In 1964 McPeek established Ben McPeek, Ltd, and soon became one of the busiest jingle writers in Canada. In 1966 he was a founder of Nimbus 9 Productions. In total McPeek wrote, and directed recordings of, about 2000 jingles. He also composed scores for the feature films The Rowdyman (1972) and Only God Knows (1974) and for the documentary Catch the Sun (1973). In 1979, with Harry Freedman, he formed the Canadian Film Composers Guild.

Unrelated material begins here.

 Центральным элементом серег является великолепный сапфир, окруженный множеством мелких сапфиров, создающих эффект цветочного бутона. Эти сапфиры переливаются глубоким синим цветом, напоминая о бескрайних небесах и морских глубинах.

McPeek's other compositions included a Piano Concerto, six piano sonatas, and many other piano inventions, waltzes, rags, etc; works for brass and woodwind quintet, including the Paul Bunyan Suite (Thompson 1977, recorded by Canadian Brass); and the orchestral works Northern 484, Fantasia, and Concert Suite. His Trillium Suite (for saxophone and chamber ensemble) was commissioned by Paul Brodie and his Five Pictorial Sketches for Mandolin and Orchestra (based on Ukrainian and Canadian folksongs) by the Shevchenko Musical Ensemble. He also wrote a collection of novelty items for Canadian Brass, which recorded the music under the pseudonym the Pucker and Valve Society Band (pseud). An album of McPeek's piano music has been recorded by Monica Gaylord. McPeek himself made the LPs Ben McPeek, His Voices and His Orchestra (1965, CTL CTLS-5060), Original Sounds of Ben McPeek (1966, RCA CTLS-1080/Camden CAS-2351), Play Me (1973, RCA KXL-1-0032), Ben McPeek's Latest Fling at the Record Scene (RCA CASX-2537), and Thinking of You (1975, Attic LAT-1008).

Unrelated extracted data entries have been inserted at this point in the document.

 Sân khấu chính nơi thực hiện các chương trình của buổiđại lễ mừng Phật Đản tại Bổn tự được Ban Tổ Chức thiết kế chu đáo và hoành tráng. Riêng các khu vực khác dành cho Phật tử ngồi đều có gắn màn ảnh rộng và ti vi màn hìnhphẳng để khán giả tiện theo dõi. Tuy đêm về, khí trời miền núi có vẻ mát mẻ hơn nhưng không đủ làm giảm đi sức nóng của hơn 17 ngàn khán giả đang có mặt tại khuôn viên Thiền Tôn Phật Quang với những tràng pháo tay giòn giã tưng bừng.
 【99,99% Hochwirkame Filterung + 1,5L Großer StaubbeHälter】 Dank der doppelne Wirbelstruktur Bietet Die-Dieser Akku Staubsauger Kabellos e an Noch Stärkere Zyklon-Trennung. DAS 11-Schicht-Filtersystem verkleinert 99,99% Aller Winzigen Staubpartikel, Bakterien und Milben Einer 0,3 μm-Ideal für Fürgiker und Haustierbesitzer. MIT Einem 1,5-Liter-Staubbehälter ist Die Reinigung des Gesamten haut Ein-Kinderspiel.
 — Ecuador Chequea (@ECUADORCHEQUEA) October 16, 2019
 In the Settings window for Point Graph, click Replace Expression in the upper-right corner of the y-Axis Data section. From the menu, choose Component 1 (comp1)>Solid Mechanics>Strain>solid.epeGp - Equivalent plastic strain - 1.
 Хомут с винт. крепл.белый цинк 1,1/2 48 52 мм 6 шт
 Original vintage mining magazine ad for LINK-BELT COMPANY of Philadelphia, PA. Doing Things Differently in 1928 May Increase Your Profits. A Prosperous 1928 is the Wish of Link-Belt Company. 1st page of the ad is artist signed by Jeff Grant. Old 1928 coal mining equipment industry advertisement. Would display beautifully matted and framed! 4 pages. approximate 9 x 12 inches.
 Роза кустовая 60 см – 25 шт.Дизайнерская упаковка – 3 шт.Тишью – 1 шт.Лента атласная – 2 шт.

In the years before his death McPeek initiated what in 1982 became the Imperial Oil McPeek Pops Library, a collection of Canadian pop material arranged for symphony orchestra. His own Commercial Overture, an orchestral medley of some of his best-known jingles, was among the first pieces placed in the library, which was inaugurated 20 Nov 1982 by the Winnipeg Symphony Orchestra. Administered by the Canadian Music Centre (of which McPeek had been an associate) the collection grew to 47 selections by 1991, including "CA-NA-DA," "Snowbird," "Tears Are Not Enough," and medleys of songs associated with Stompin' Tom Connors, the Guess Who, and the Happy Gang. Lucio Agostini, Michael Conway Baker, Milton Barnes, Robert Farnon, Milan Kymlicka, Bob McMullin, Eric Robertson, Paul Ruhland, Brian Sexton, and Rick Wilkins are among the arrangers who have contributed to the library.